IFFR eindoordeel Wie waren de winnaars, wat moeten we gaan zien?

Nebraska won afgelopen januari de publieksprijs op het Internationale Filmfestival van Rotterdam. De maker van Sideways heeft met zijn zwartwitfilm opnieuw goud in handen. Wat waren de andere toppers? We maakten een lijstje van de niet-te-missen films die de komende maanden aan zullen spoelen in de reguliere bioscopen. ‘Gefeliciteerd! U heeft zojuist één miljoen euro gewonnen!’ Je kent ze vast wel, die suffe fopbrieven. Alleen nog even de antwoordkaart opsturen en dan stroomt het kapitaal binnenkort over de drempel. De bejaarde vader van David, gespeeld door een fenomenale Bruce Dern, gelooft heilig in zijn geluk. De Amerikaanse regisseur Alexander Payne (Sideways, The Descendants) maakte er een tragikomische roadmovie over: Nebraska. De zwartwitfilm stond de tijdens de afgelopen editie onbetwist op de eerste plek van de publieksfavorieten van het Rotterdamse Filmfestival. Zelfs de documentaire Zombie, The Ressurection of Tim Zom kon de Amerikaanse oude baas niet van de troon stoten. Terwijl Zombie, een indringende documentaire over een Rotterdamse skatekampioen met een geweldige oma, toch een thuiswedstrijd speelde. Tiger Awards, de belangrijkste filmprijzen voor beginnende regisseurs, gingen naar een Japanse, een Zuid-Koreaanse en een Zweedse regisseur. Dat The Anatomy of a Paper Clip van Ikeda Akira een prijs won, was opvallend. De vorm van de even malle als trage film was weliswaar bijzonder, maar er werd meer weggelopen door bezoekers dan gelachen om de Jiskefet-achtige scènes. Volkomen terecht was de Tiger die het Zweedse Something Must Break won. De film over een verliefdheid tussen een stoere hetero en een androgyne jongen die zich kleedt als meisje is zowel innemend als actueel.

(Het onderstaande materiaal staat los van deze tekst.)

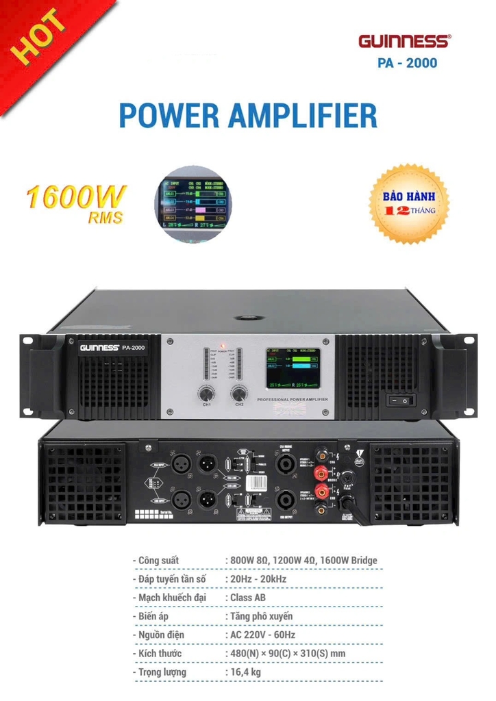 - Với kích thước nhỏ gọn như vậy, chiếc Power GUINNESS PA-2000 này sẽ không chiếm quá nhiều diện tích không gian, càng không tạo cảm giác quá nặng nề, chật chội. Điều này phù hợp với những không gian từ phòng khách gia đình đền nơi sang trọng như phòng karaoke VIP.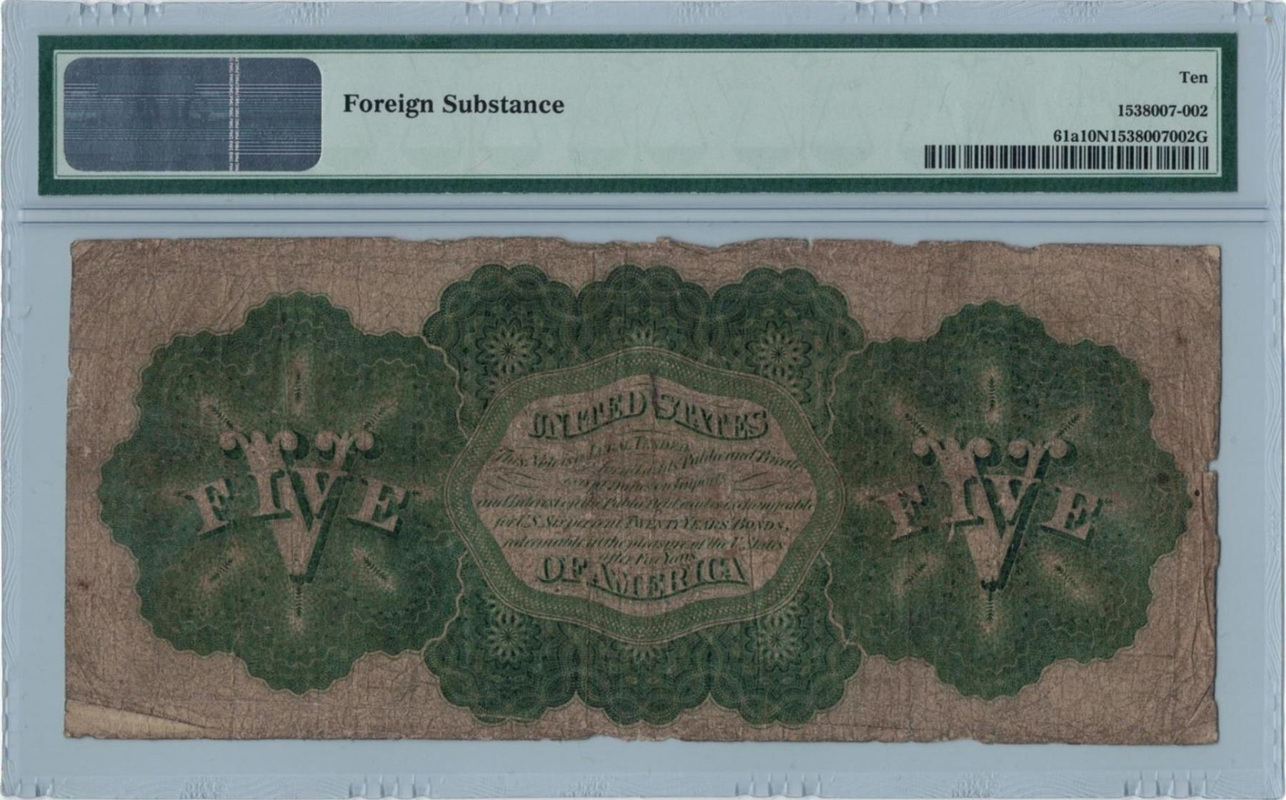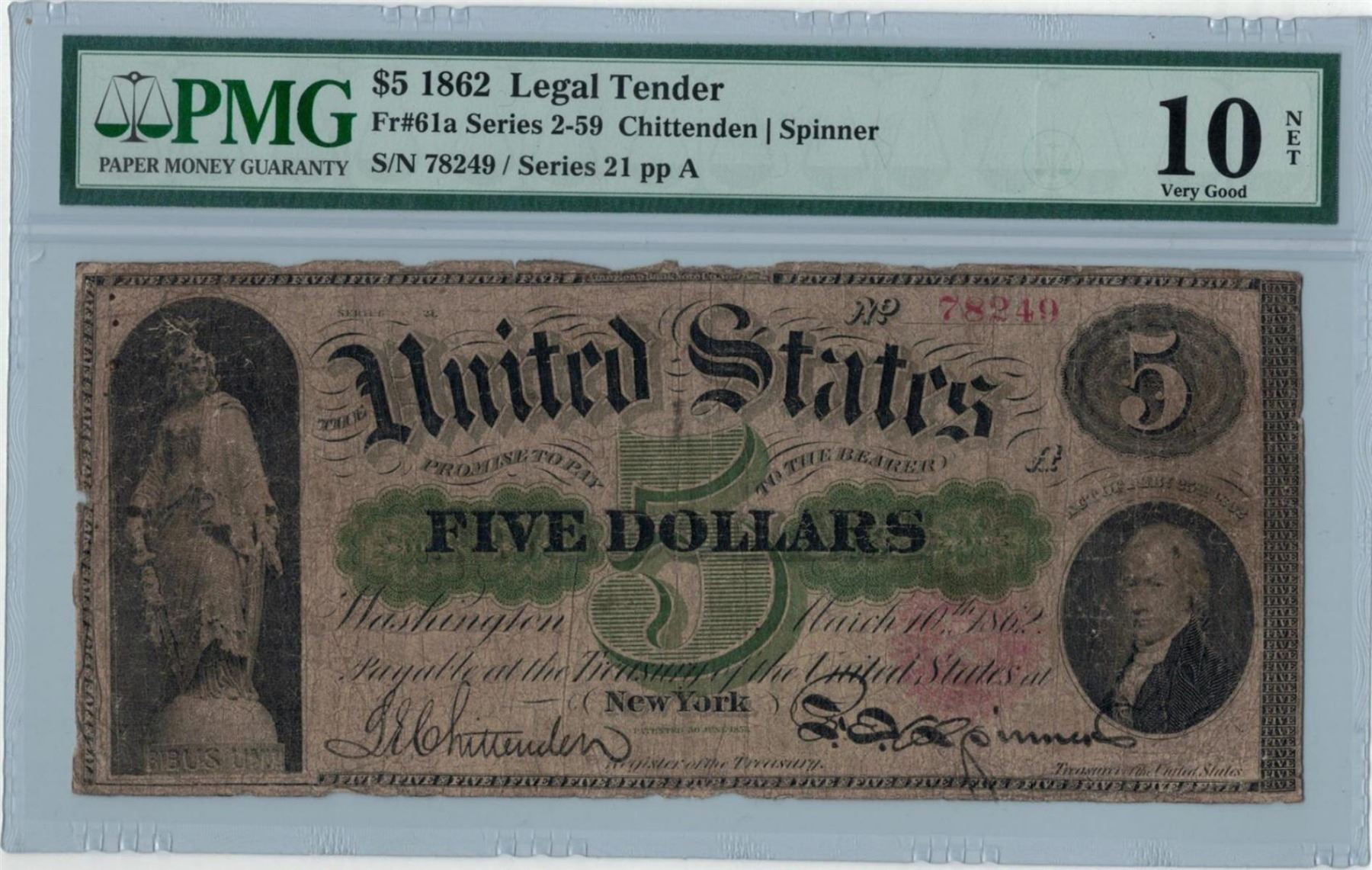 One 1862 PMG VG 10NET $5 Legal Tender Bank Note.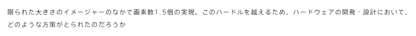 また、熱の問題もあります。イメージセンサーを新規開発することで性能は上がっているんですけども、そのために熱が上がらないように設計上の検討を重ねています。
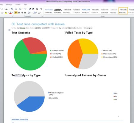 The Test Plan document will display the following Test Plan details, Test Suite details, Test Case details, and Test Configuration details. By default this Word document will be saved at the location:

Weg met het hokjesdenken. De 43e editie van het filmfestival trok 287.000 bezoekers naar de Maasstad. Dat zijn er 7.000 meer dan vorig jaar, terwijl het niet zo voelde. Zelfs voor films die in de drukbezochte weekends op de rol stonden, waren vaak nog kaarten te krijgen. En op de centrale festivallocatie in De Doelen was vrijwel altijd plek. Dat was vroeger wel anders. Van de 250 films die de afgelopen maand in Rotterdam draaiden, zullen er veel nooit meer op het grote doek te zien zijn in Nederland. Daarvoor ben je aangewezen op de VODwebsites, importwinkels of torrentboeren. Van onderstaande vijf films is de kans groot dat ze later dit jaar in de bioscoop komen. Een aantal heeft zelfs al distributeurs gevonden.

VIJF FILMTIPS

Nebraska

Sfeervolle en charmante roadmovie in zwartwit over een oude baas en zijn zoon die ‘eventjes’ een loterijprijs gaan ophalen en elkaar onderweg leren kennen. Van de maker van Sideways. Publiekslieveling in Rotterdam en waarschijnlijk binnenkort goed voor een paar Oscars. Nebraska draait vanaf eind deze maand in de reguliere bios. (distributie: Cinéart)

Starred Up

Superintense en grimmige gevangenisfilm uit Groot-Brittannië over een onhandelbare knul die vanuit een jeugdinrichting wordt overgebracht naar een zware jongens-nor. Daar blijkt ook zijn vader te zitten. Die al net zo explosief en onberekenbaar is als zoonlief. Iedere scene druipt van de spanning en de talentvolle Jack O’Connell is fenomenaal als hoofdrolspeler Eric Love. (distributie: ABC/Cinemien)

Love Steaks

Heerlijk ontregelende dogma-achtige film uit Duitsland over een onwaarschijnlijke liefde op een al even onwaarschijnlijke plek: een triest wellness-resort aan de kust. Daar leren de verlegen en onhandige masseur Clemens en de extraverte, explosieve leerlingkokin Lara elkaar kennen. Gemaakt door een filmstudent die inmiddels de ene na de andere prijs ophaalt met zijn sprankelende debuut.

La Cueva

Geen film voor claustrofobische mensen, dit vlot gemonteerde en uiterst spannende Spaanse werkje. Wie smulde bij (met handycam geschoten) griezelfilms als The Blair Witch Project en REC gaat aan La Cueva veel plezier beleven. Vijf jongeren op een verlaten eiland verruilen een goddelijk strand voor een donkere grot. Slecht idee.

To Kill a Man

Na maanden te zijn geterroriseerd door de lokale tokkie en zijn kornuiten, slaat de rustige boswachter Jorge uiteindelijk op tilt. Wat gebeurt er in iemands hoofd als het zover is? En kun je als gewone jongen iemand anders vermoorden? De Chileense regisseur Alejandro Fernández Almendras geeft in zijn fascinerende derde film To Kill a Man antwoord op die vraag en baseerde zich daarbij op een waargebeurd verhaal.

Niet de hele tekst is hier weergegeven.